Arrested Development leben von Nostalgie. Ihre Tour heißt nicht umsonst „50 years of HipHop celebration Tour“ und der HipHop-Begriff, der hier zelebriert wird, basiert auf einem Unity-Gedanken, der in der Szene schon seit Jahren nicht mehr existiert.

HipHop-Zeitkapsel

Der Deal zwischen Arrested Development und dem Publikum besteht darin, dass sie von Anfang bis Ende das Unity-Gefühl leben, auch bei den neuen Tracks, und dafür häppchenweise die Hits ihrer Jugend serviert bekommen. Ein Konzert als HipHop-Zeitkapsel, das schweißt zusammen.

Bei „Revolution“, einem Song, den Arrested Development 1992 für den Soundtrack von Spike Lees Malcom-X-Biopic aufgenommen hatten, heben dann wirklich viele im Raum ihre Fäuste in die Luft und schreien voller Inbrunst mit. Und das ist ein niedlicher Moment.

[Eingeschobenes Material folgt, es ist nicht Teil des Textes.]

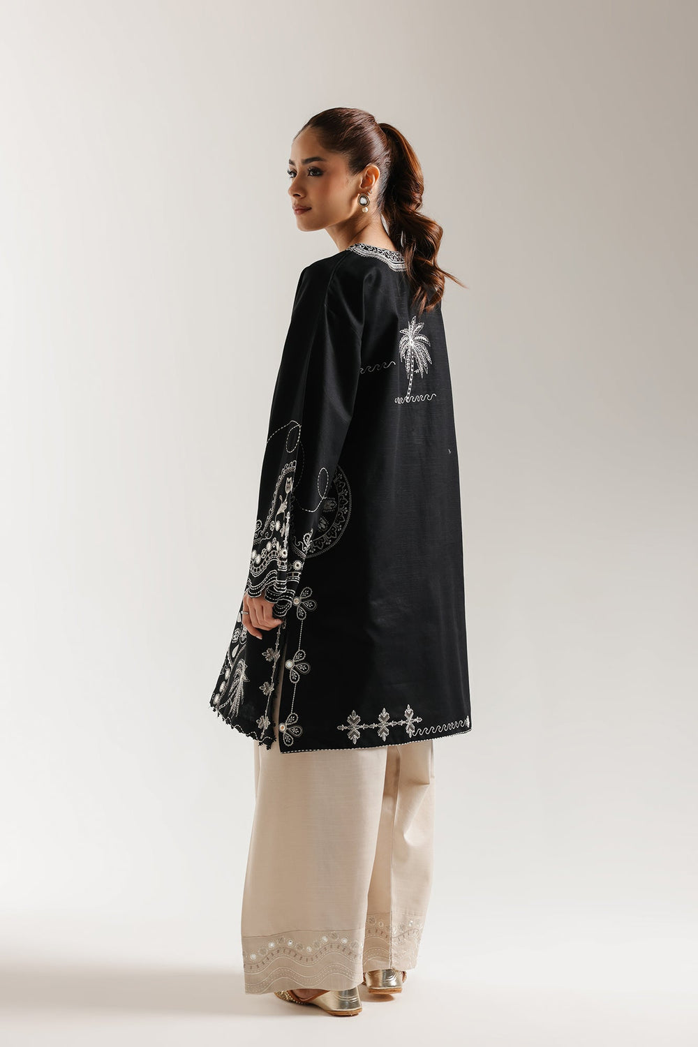 Discover the allure of vintage elegance with our stunning embroidered suit. This ensemble showcases a jet black shirt adorned with intricate floral embroidery and crochet mirror work at the neckline, reflecting classic craftsmanship. The sleeves and hem are elegantly detailed with embroidered borders. Complementing this striking piece is a pair of contrasting loose-fit shalwar, featuring a beautifully embroidered border along the hem.
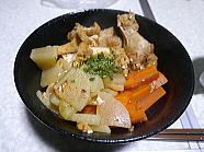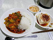 | 14時18分、昼食は鶏の手羽元肉入りのカレーライスと冷や奴、大根の唐辛子漬けです。ご馳走様でした。 |
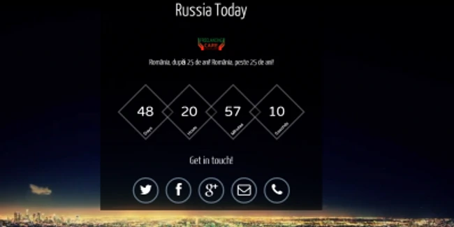 Postul de televiziune Russia Today va emite în limba română în 19 zile Postul de televiziune Russia Today (RT) urmează să fie lansat în limba română, în acest sens existând deja o platformă care anunţă timpul rămas până la debut. Iniţiativa i-a aparţinut lui Dan Muşetoiu, fostul director de programe al postului TV The Money Channel, care a confirmat că intenţionează să lanseze un produs editorial cu acest nume.
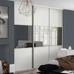 Linear Sliding Wardrobe Door 3 Panel White With White Frame (W)610mm
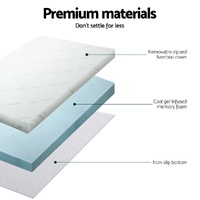 Add that extra bit of comfort to your mattress. An extra 5cm to be precise with our cool gel mattress topper. And the difference is simply wonderful. That's because our topper provides palpable relief to your pressure joints no matter how you sleep, a cooler sleeping surface and not least, individual contouring of your body shape thanks to the memory foam. The memory foam also helps to even body weight distribution, eliminate motion disturbance and dissipate body heat to keep your rest nice and cool. Eco-friendly in every way with its highly breathable bamboo fabric covering, our cool get mattress topper is just the extra that you need to turn your rest and sleep from good to great. Available in Single, King Single, Double, Queen and King sizes.
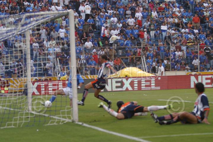 MEXICO, D.F. 29ENERO2005.- La afición de la máquina celeste festeja el triunfo de su equipo sobre los rayados de Monterrey. FOTO: Nelly Salas/CUARTOSCURO.COM
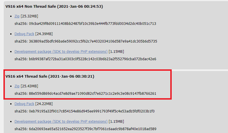 VS16 x64 Non Thread Safe (NTS) 버전과 VS16 x64 Non Thread (TS) 버전으로 크게 나누어져 있다.
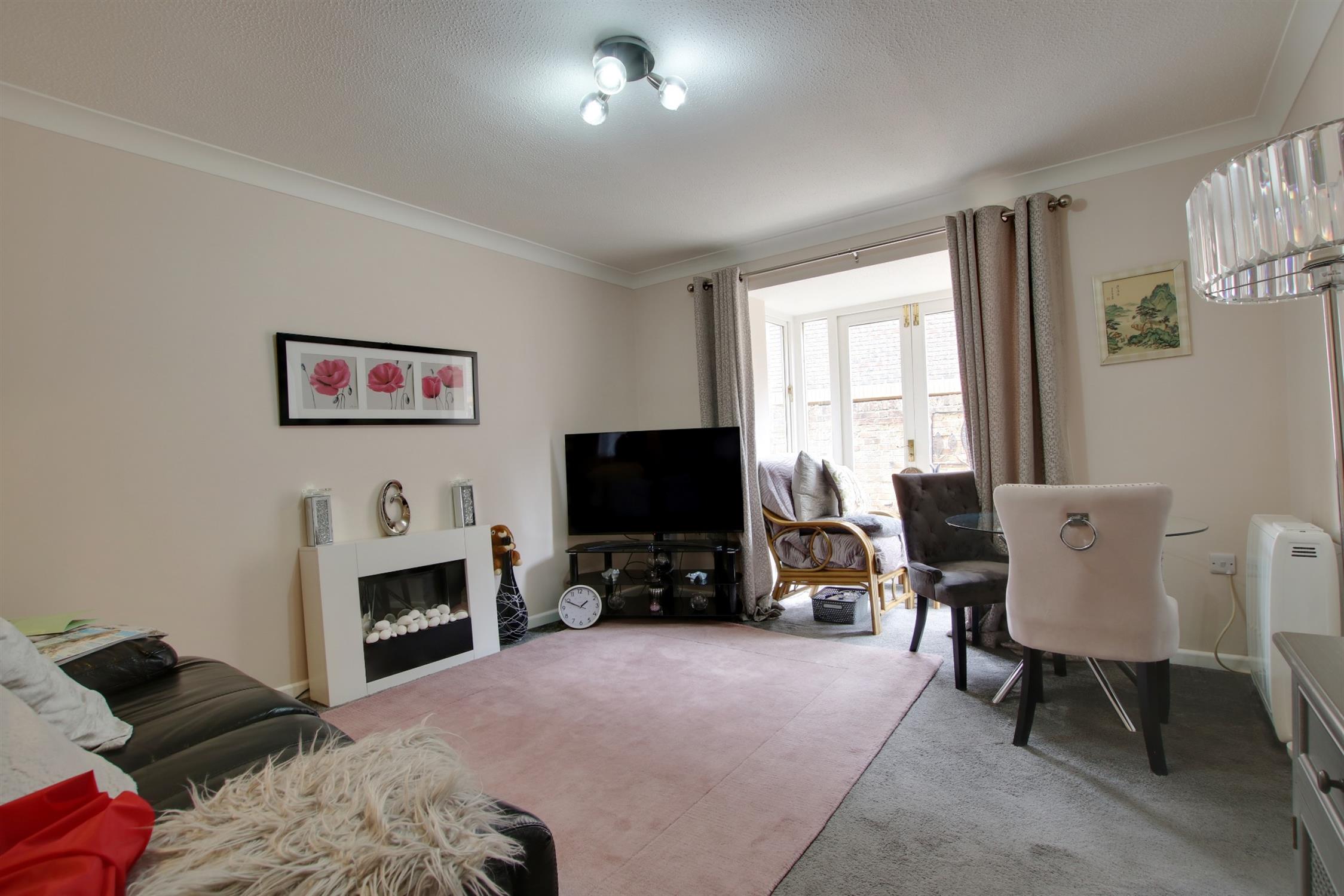 Double glazed bay window to rear elevation with double glazed French doors leading to the rear communal courtyard. Night storage heater. Coved and textured ceiling. Arched alcove with lighting.
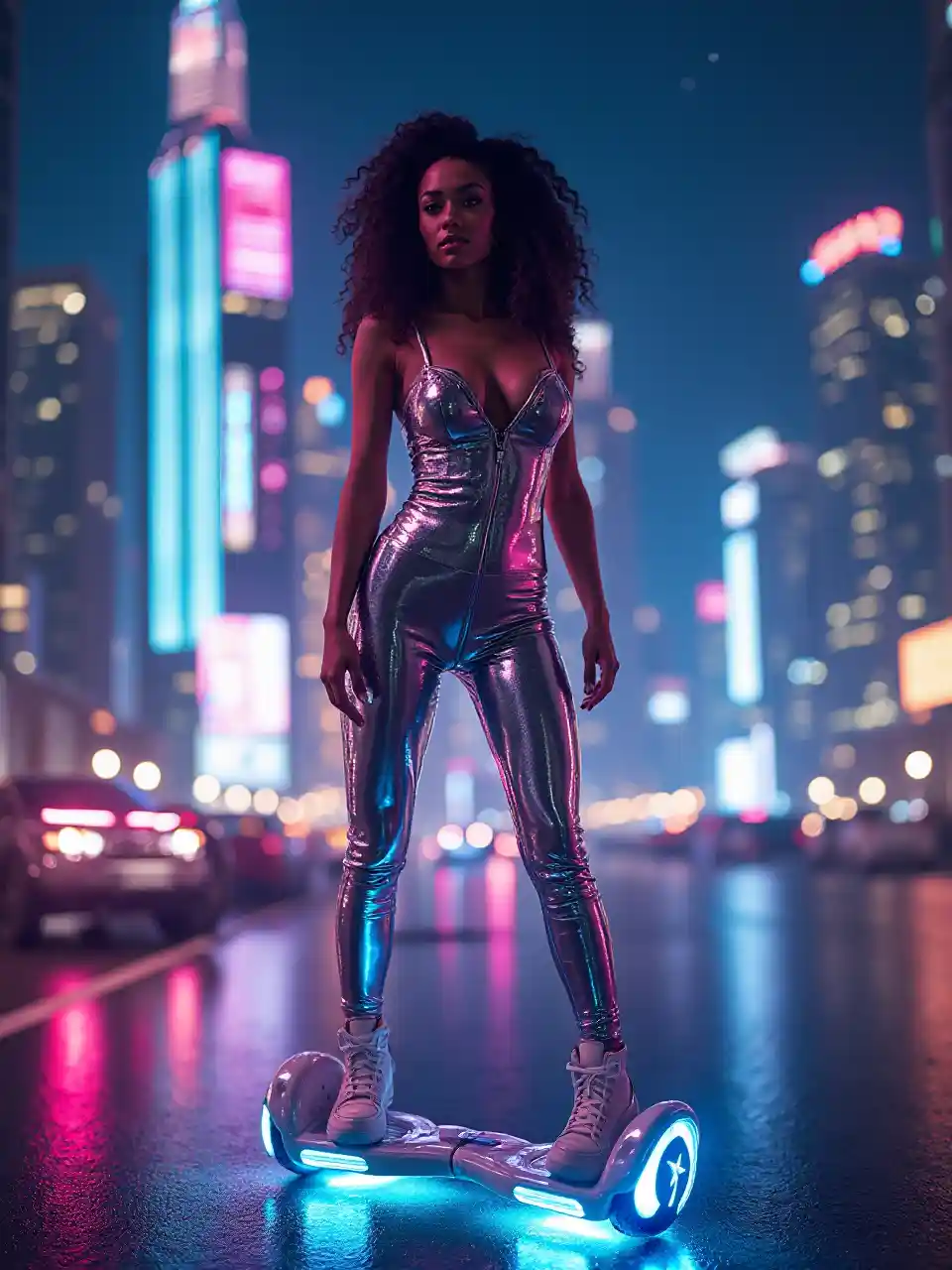 Akijionyesha kwenye bodi ya hoverboard yenye taa za neon, mwanamke wa Mashariki ya Kati mwenye umri wa miaka 35 anaangaza katika suti ya chuma yenye rangi ya LED. Majengo ya juu ya anga na anga zenye nyota humweka katika mazingira yenye kuvutia na yenye kuchochea hisia katika jiji la kisayansi.

Denn eine Revolution will im Lido natürlich so gut wie niemand.

Die immer ein bisschen kitschigen und ziemlich braven politischen Texte von Arrested Development haben längst nicht die Schlagkraft von denen eines Kendrick Lamar oder Childish Gambino. Und das müssen sie auch gar nicht. Die große Stärke von Arrested Development ist es, einen Abend lang ein Einheitsgefühl zwischen Rapfans zu schaffen, die der Musik eigentlich längst entwachsen sind. Das ist Eskapismus im besten Sinne.